Fantasy Baseball First Base Player Spotlight: Jose Abreu
Ray Kuhn breaks down Jose Abreu and what to expect from him for the 2023 season.
When drafting a fantasy baseball team, it is often helpful to break each position down into multiple tiers. While this does require some work, especially in the case of first base, it often takes place organically within the ADP. Everyone knows the top five first baseman for 2023 are Vladimir Guerrero Jr., Pete Alonso, Freddie Freeman, Paul Goldschmidt, and Matt Olson, but then what? There are two exciting young options in Vinnie Pasquantino and Nathaniel Lowe, but what happens between those groups? This is where the Houston Astros’ new addition of Jose Abreu very easily gets lost.
Jose Abreu, Houston Astros
After Olson comes off the board with an NFBC ADP of 41 (in drafts from February 1st through March 11th) there is then a long drought until we get to Abreu’s ADP of 87. If you do miss out on the top five first baseman, you could very easily see there is a larger differential between Olson and the top four than we are currently seeing, then there is no need to fret as you can continue addressing other areas of your team for the next few rounds.
There are a few factors working against Abreu, perhaps most notably his age and lack of upside as we have already seen the best he has to offer, but is there anything wrong with that? At this point in his career, Abreu has proven to be quite the capable run producer and consistent performer. Now in his new home, the veteran joins the best lineup he has ever been a part of with the Astros, so it only stands to reason that his success will continue.
After hitting 30 home runs in 2021 to go along with his 117 RBI and a solid .261 batting average, Abreu took a step back last year in the power department as he finished with just 15 home runs and 75 RBI although his batting average did jump up to .304. Seeing that regression, along with the fact that Abreu is now closer to 40 than 30 helped to contribute a sense of caution on him entering 2023.

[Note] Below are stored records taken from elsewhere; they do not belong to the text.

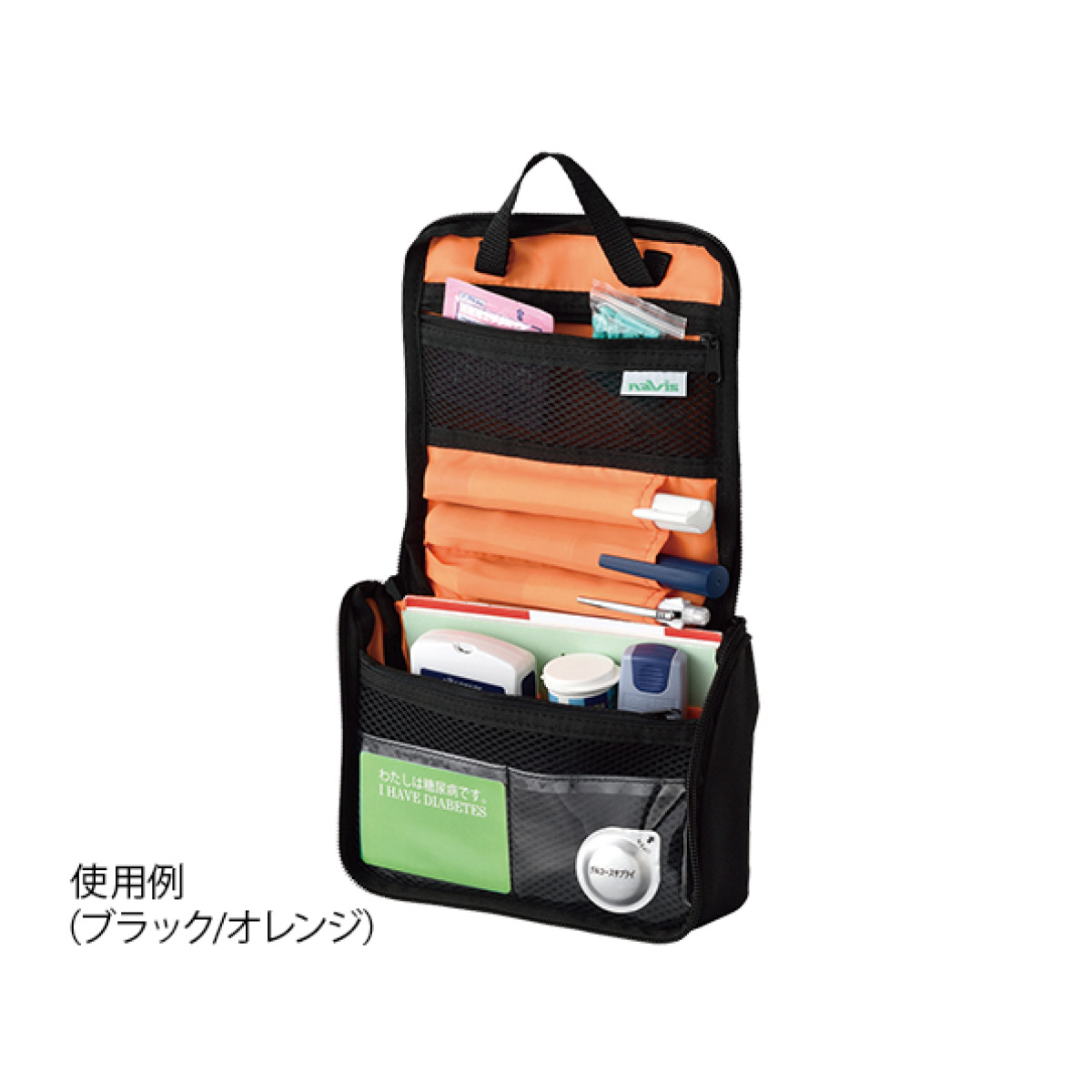 外出先での血糖測定やインシュリン注射に必要な道具を一つにまとめて収納できます。
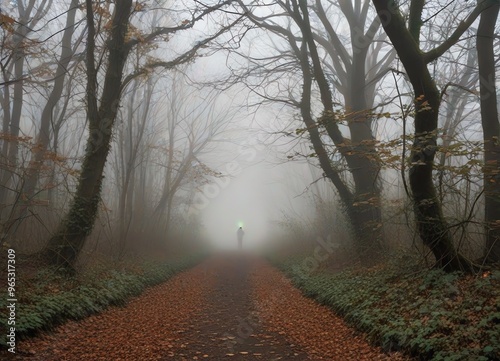© monkik, Naklejka premium An image of a dense overgrown forest with a foggy sky
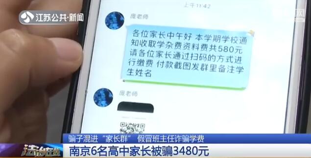 【南京6名高中家长被骗3480元】
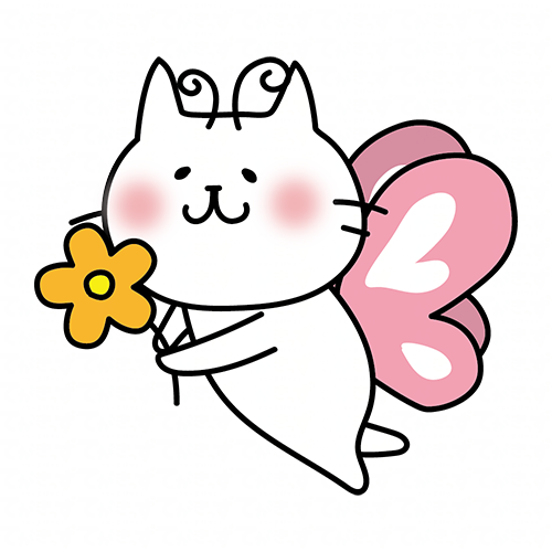 蝶々の格好をしてお花を運んでいる白い猫

While we do not want to subscribe to or rely on groupthink, NFBC drafts are often a good sample size of how we should be thinking directionally, so it is interesting to see Abreu still being drafted ahead of Pasquantino and Lowe.
Upon first glance, aside from the proven track record of success, it is hard to get truly behind Abreu and his 9.5%-barrel rate and eight-degree average launch angle from last season. Historically though, Abreu stood out in either category with non-shortened season highs of 12% and 12.2 degrees, respectively. Yes, each of those metrics did suffer a decrease, but it is still not too far off from what Abreu had previously established.
Following a surface glance though, things do look better for Abreu as there is certainly some optimism to be found. While Abreu did hit just 15 home runs last year, the first baseman had an expected home run total of 18 and that mark then jumps to 22 when you look at him based on Houston’s home park.
With a hard-hit rate of 51.8% which was in the 97th percentile last year, it certainly does make you think twice about what Abreu can do at the plate. When we dig into some other metrics for Abreu, it really should not surprise you why he is being drafted where he is and also why the Astros made pursuing him such a priority this offseason:
- Maximum Exit Velocity of 113 miles per hour which was in the 89th percentile
- Average Exit Velocity of 92.2 miles per hour which was in the 93rd percentile
- An xBA of .296 which finished in the 98th percentile
- An xSLG of .486 which was in the 92nd percentile
Additionally, Abreu’s approach at the plate remained sound as his Chase Rate decreased to 29.8% in 2022. There is still a lot left in the tank for Abreu while you want to make your own evaluations on players, sometimes following the crowd of your fellow drafters and also one of the more educated major league teams who are both pursuing him.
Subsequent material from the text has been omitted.